Rekomendasi tersebut tertuang dalam Putusan Nomor 0098/L/KY/VIII/2025, yang merupakan hasil pemeriksaan KY atas laporan dugaan pelanggaran Kode Etik dan Pedoman Perilaku Hakim (KEPPH) yang diajukan Tom Lembong. Surat rekomendasi sanksi itu telah disampaikan kepada Mahkamah Agung (MA).
“Benar, surat rekomendasinya sudah dikirimkan ke MA,” ujar Juru Bicara KY Anita Kadir, Jumat (26/12/2025), dikutip dari Antara.
Dalam putusannya, KY menyatakan tiga hakim terlapor terbukti melanggar KEPPH. Pelanggaran tersebut mencakup sejumlah ketentuan dalam Keputusan Bersama Ketua Mahkamah Agung RI dan Ketua Komisi Yudisial RI tentang KEPPH, serta Peraturan Bersama MA dan KY mengenai panduan penegakan kode etik hakim.
Atas pelanggaran tersebut, KY mengusulkan sanksi sedang berupa larangan menjalankan tugas mengadili atau nonpalu selama enam bulan kepada para hakim terlapor.

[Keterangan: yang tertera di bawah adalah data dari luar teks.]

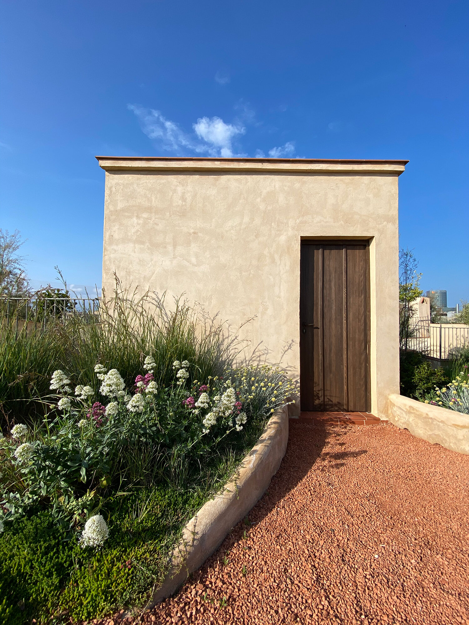 La elección de los materiales de construcción ha sido llevada a cabo de manera muy detallada con el fin de rebajar la huella de carbono y el impacto en el medioambiente de la obra. Uso de morteros de cal natural, materiales locales reciclados y reciclables, plantas de viveros locales, etc.

Putusan itu diambil dalam sidang pleno KY yang digelar pada Senin, 8 Desember 2025, dan dihadiri lima komisioner KY periode sebelumnya, yakni Amzulian Rifai selaku ketua merangkap anggota, serta Siti Nurdjanah, Mukti Fajar Nur Dewata, M. Taufiq H. Z., dan Sukma Violetta.

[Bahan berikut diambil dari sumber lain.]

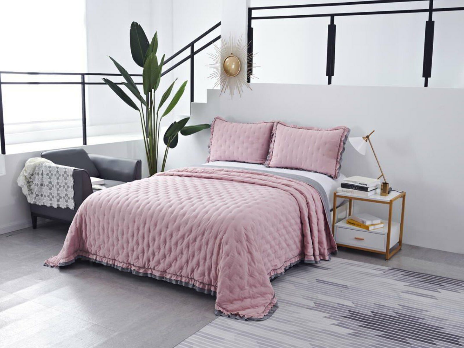 Двусторонние стеганные покрывала Элизабет выполнены из вискозы и хлопка, они легкие и прочные. В комплекте с покрывалом идут две наволочки, вы можете использовать покрывало по назначению, либо в качестве постельного белья. В любом случае, вы будете в восторге от этого комплекта!

Sebelumnya, Tom Lembong melaporkan tiga hakim Pengadilan Tindak Pidana Korupsi (Tipikor) Jakarta ke Komisi Yudisial. Ketiganya adalah Hakim Ketua Dennie Arsan Fatrika serta Hakim Anggota Alfis Setyawan dan Purwanto S. Abdullah, yang memvonis Tom Lembong bersalah dan menjatuhkan hukuman 4,5 tahun penjara.

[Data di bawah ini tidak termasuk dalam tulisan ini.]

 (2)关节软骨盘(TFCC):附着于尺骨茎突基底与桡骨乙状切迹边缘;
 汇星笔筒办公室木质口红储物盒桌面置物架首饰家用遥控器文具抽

Laporan tersebut disampaikan melalui tim kuasa hukum Tom pada 4 Agustus 2025, tidak lama setelah yang bersangkutan menerima abolisi dari Presiden Prabowo Subianto. Selain ke KY, laporan juga dilayangkan ke Mahkamah Agung sebagai bagian dari upaya evaluasi proses penegakan hukum.
Anggota tim kuasa hukum Tom Lembong, Zaid Mushafi, menyatakan langkah itu ditempuh agar terdapat koreksi dan evaluasi terhadap proses peradilan. “Dia ingin ada evaluasi, dia ingin ada koreksi. Agar keadilan dan kebenaran dalam proses penegakan hukum di Indonesia ini bisa dirasakan oleh semuanya,” ujarnya di Gedung Mahkamah Agung.